__Stored data__:

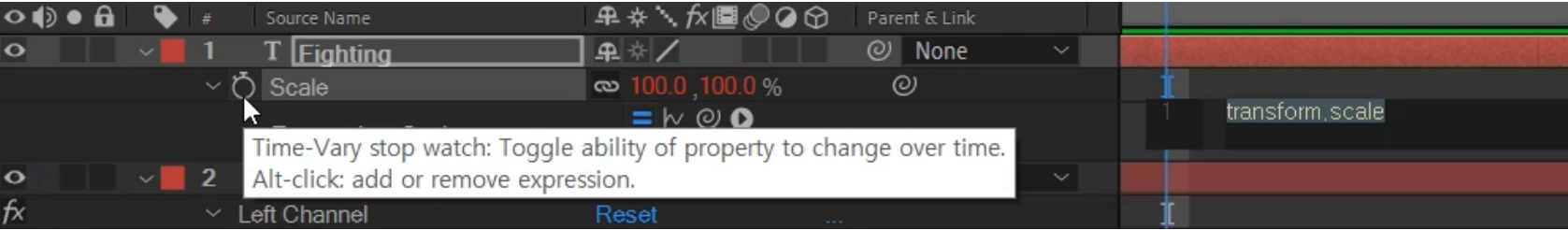03 움직이려는 레이어를 선택하고 크기 변화는 S, 회전의 경우는 R을 누르고 준비만 한다. 그리고, 스톱워치를 Alt키를 먼저 누르면서 클릭을 하면 스크립트인 표현식 익스프레션(Expression) 추가되어 진다.
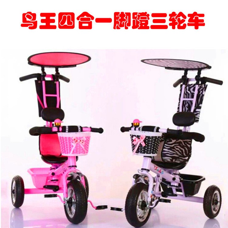 三轮车 四合一脚蹬三轮车带棚儿童三轮车 脚踏车童车带后框带推把
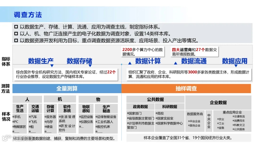 报告以3000多家调查样本为基础,以人、机、物广泛连接产生的电子化数据为调查对象,采用全量测算和抽样调查方法,通过数据分析、建模测算、结果校验,较为全面地呈现了我国数据资源发展现状。
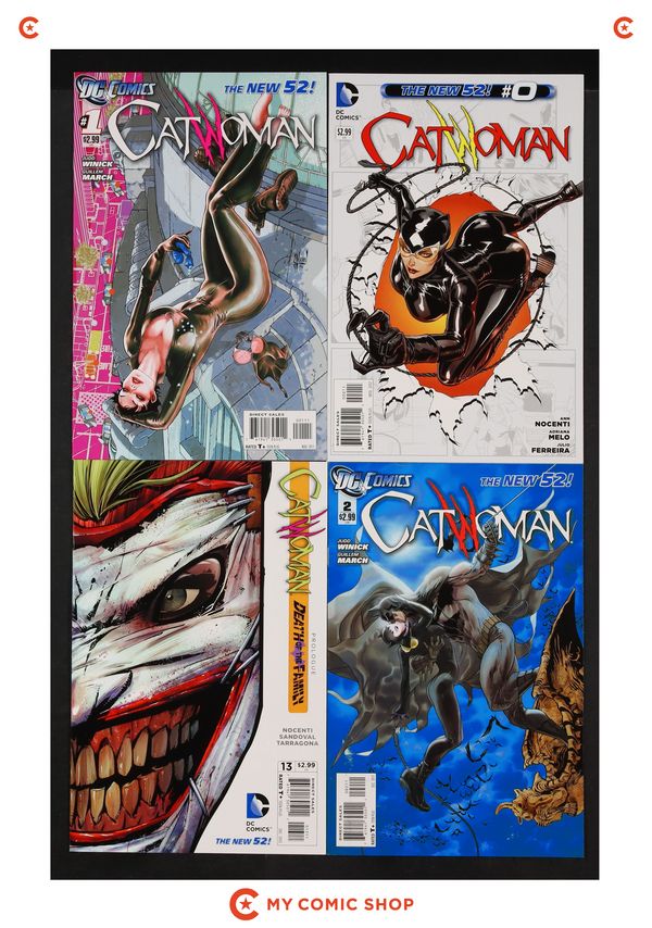 Issues 0, 1, 2, 13, 23, 35B, 39B of Catwoman (2011 4th Series). Most will grade in the VF to NM range with #2 grading FN.

__Work to complete__:
Copy out every line of the data exactly, leaving the images behind.

__Solution for this task__:
03 움직이려는 레이어를 선택하고 크기 변화는 S, 회전의 경우는 R을 누르고 준비만 한다. 그리고, 스톱워치를 Alt키를 먼저 누르면서 클릭을 하면 스크립트인 표현식 익스프레션(Expression) 추가되어 진다.
 三轮车 四合一脚蹬三轮车带棚儿童三轮车 脚踏车童车带后框带推把
 报告以3000多家调查样本为基础,以人、机、物广泛连接产生的电子化数据为调查对象,采用全量测算和抽样调查方法,通过数据分析、建模测算、结果校验,较为全面地呈现了我国数据资源发展现状。
 Issues 0, 1, 2, 13, 23, 35B, 39B of Catwoman (2011 4th Series). Most will grade in the VF to NM range with #2 grading FN.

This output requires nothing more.